Какое значение имели такие вещи для Кленка? Вот он сидит, этот субъект с удлиненной головой, с огромными лапами, украшенными длиннейшими ногтями. Для него, разумеется, недостаточно хорошо обыкновенное тирольское вино, он, видите ли, должен лакать дорогое бутылочное! Для него и процесс Крюгера, наверно, только новый забавный фокус. Этот легкомысленный человек даже и понять не способен, что обезврежение такого субъекта, как Крюгер, можно считать столь же важным делом, как излечение мокнущего лишая.
Ведь обвиняемый по этому процессу доктор Мартин Крюгер - продукт ужасной послевоенной эпохи. Заняв свою должность во время революции, он в качестве заместителя директора государственного музея приобрел картины, вызывающие возмущение всех здравомыслящих и преданных церкви людей. От двусмысленной, пахнущей крамолой картины "Иосиф и его братья" удалось избавиться относительно быстро. Но кровожадное, садистское "Распятие" художника Грейдерера и обнаженная женская фигура, производившая особенно бесстыдное впечатление тем, что являлась автопортретом (до какой степени развращенности должна была дойти эта особа, рисовавшая самое себя голой и, словно девка, выставлявшая напоказ свои бедра и грудь!), - эти две картины еще недавно позорили государственную картинную галерею. Его. Франца Флаухера, галерею, за которую он нес ответственность! Министра, когда он вспоминал об обеих картинах, охватывало чувство почти физического отвращения. Виновника всей этой мерзости, Крюгера, Флаухер не выносил, не выносил его изящно очерченных губ гурмана, его серых глаз и густых бровей. Когда однажды ему пришлось пожать Крюгеру руку, - эту теплую, волосатую руку, - своей собственной жесткой, жилистой рукой, он почувствовал нечто вроде изжоги.

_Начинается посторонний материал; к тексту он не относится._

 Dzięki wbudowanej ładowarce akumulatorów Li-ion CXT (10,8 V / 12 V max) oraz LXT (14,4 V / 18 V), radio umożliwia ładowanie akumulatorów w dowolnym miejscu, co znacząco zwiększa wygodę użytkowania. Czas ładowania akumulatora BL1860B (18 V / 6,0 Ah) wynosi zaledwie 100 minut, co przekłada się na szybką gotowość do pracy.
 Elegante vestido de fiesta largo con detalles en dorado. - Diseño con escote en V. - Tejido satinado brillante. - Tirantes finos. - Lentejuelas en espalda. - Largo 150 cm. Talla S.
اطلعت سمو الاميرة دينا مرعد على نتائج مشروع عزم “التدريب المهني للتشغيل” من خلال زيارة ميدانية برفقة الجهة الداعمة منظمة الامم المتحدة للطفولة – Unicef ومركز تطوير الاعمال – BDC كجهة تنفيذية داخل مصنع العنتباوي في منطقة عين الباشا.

Он тогда же принял все меры, чтобы разом избавиться от этого Крюгера. Но его коллеги по кабинету - и прежде всего, конечно, Кленк - высказали сомнение в целесообразности насильственных мер. Увольнение доктора Мартина Крюгера, пользующегося широкой известностью знатока истории искусств, в дисциплинарном порядке - "ввиду несоответствия занимаемой должности" могло подорвать престиж города в области искусства, а подобные соображения в то время еще останавливали членов кабинета.

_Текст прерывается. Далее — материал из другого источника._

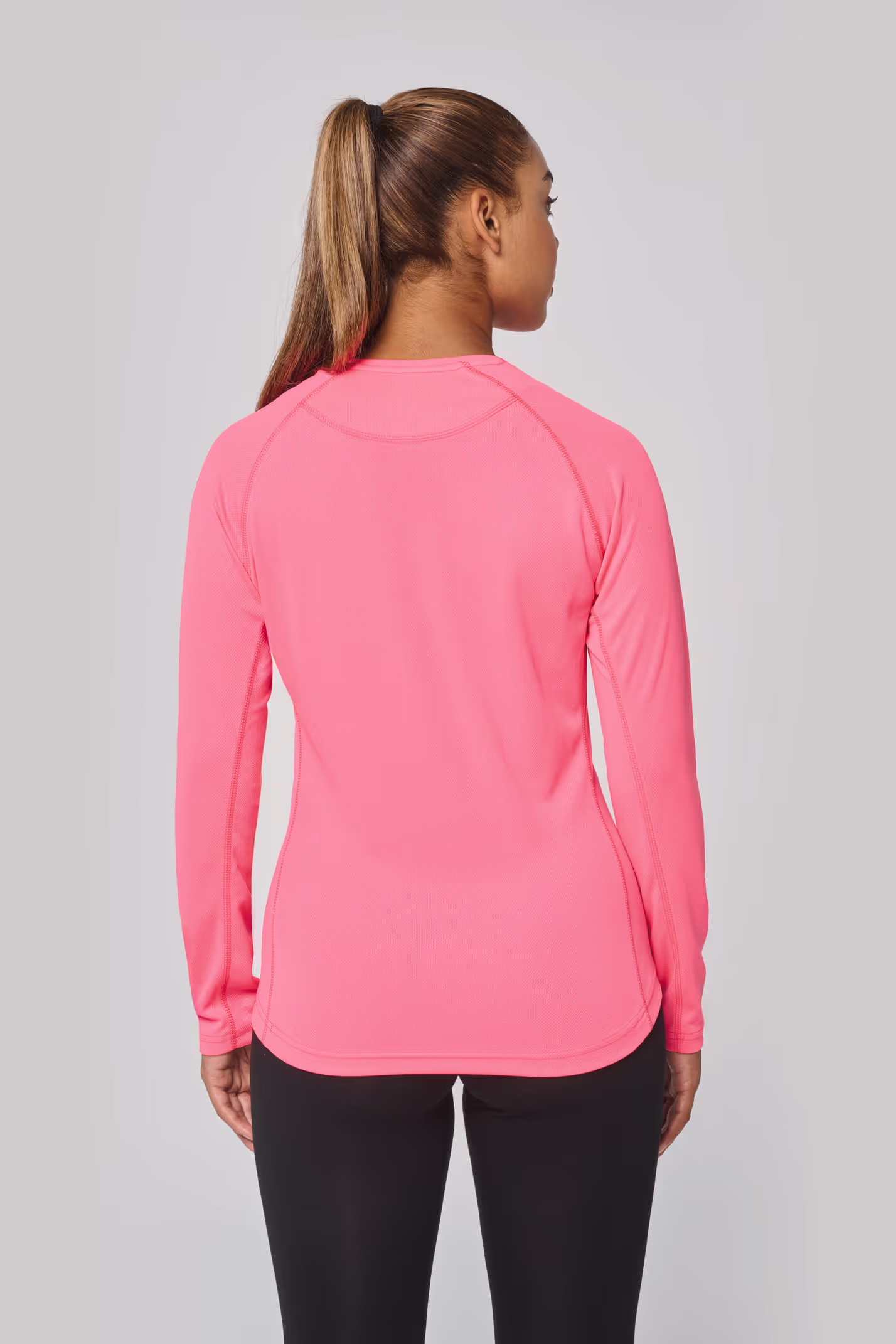 Finition double aiguille à l’encolure, bas de manche et de vêtement.

Вспоминая об этих доводах, помешавших ему давно уже разделаться с Крюгером, министр Флаухер заворчал так громко, что такса забеспокоилась. Престиж в области искусства! Страна, которой он, Флаухер, служил, была страной земледельческой. Город Мюнхен, расположенный в центре этой страны, как по характеру своего населения, так и по своей структуре носил определенно крестьянский отпечаток. Об этом не мешало бы подумать господам коллегам по кабинету. Они должны были бы стараться оградить свою столицу от лихорадочной погони за наслаждениями, накладывающей свой гнусный отпечаток на все большие современные города. Вместо этого они, как идиоты, болтают о престиже в области искусства и тому подобной чепухе.
Министр Флаухер проворчал что-то, глубоко вздохнул, выпил вина, рыгнул, с досадой оперся локтями о стол и, склонив шишковатую голову, крохотными глазками уставился на благодушно восседавшего за столом Кленка. Кельнерша Ценци, уже много лет обслуживавшая этот стол в "Тирольском погребке", стояла прислонившись к буфету. Взглядом организатора следила она за своей помощницей Рези, не переставая в то же время с легким юмором наблюдать за расшумевшимися мужчинами, учитывая как колебания в их настроении, так и уровень остающегося еще в их стаканах вина. Эта полная, крепкая женщина с красивым широким лицом, страдавшая, как и все ее коллеги, плоскостопием, отлично знала всех своих постоянных посетителей. Она прекрасно заметила, как изменился министр Флаухер при появлении министра Кленка. Она знала, что Флаухер, если он в хорошем настроении, закажет вторую порцию сосисок, а если в плохом - редьку. Он не успел даже пробормотать до конца свое приказание, как редька уже очутилась перед ним на столе.
Престиж в области искусства! Как будто он сам, Флаухер, не любил, например, музыки? Но было просто признаком дегенерации, снобизмом - ради этого самого "престижа" спускать каждому "чужаку" любую вызывающую выходку, любое свинство. Министр Флаухер, в порыве досады по рассеянности притянул к себе тарелку с остатками ужина своего соседа и бросил своей таксе кость. Даже и тогда, когда он занялся приготовлением своей редьки по всем правилам искусства, его не переставало терзать сомнение того, как бесконечно долго ему пришлось терпеть в музее вредителя Крюгера.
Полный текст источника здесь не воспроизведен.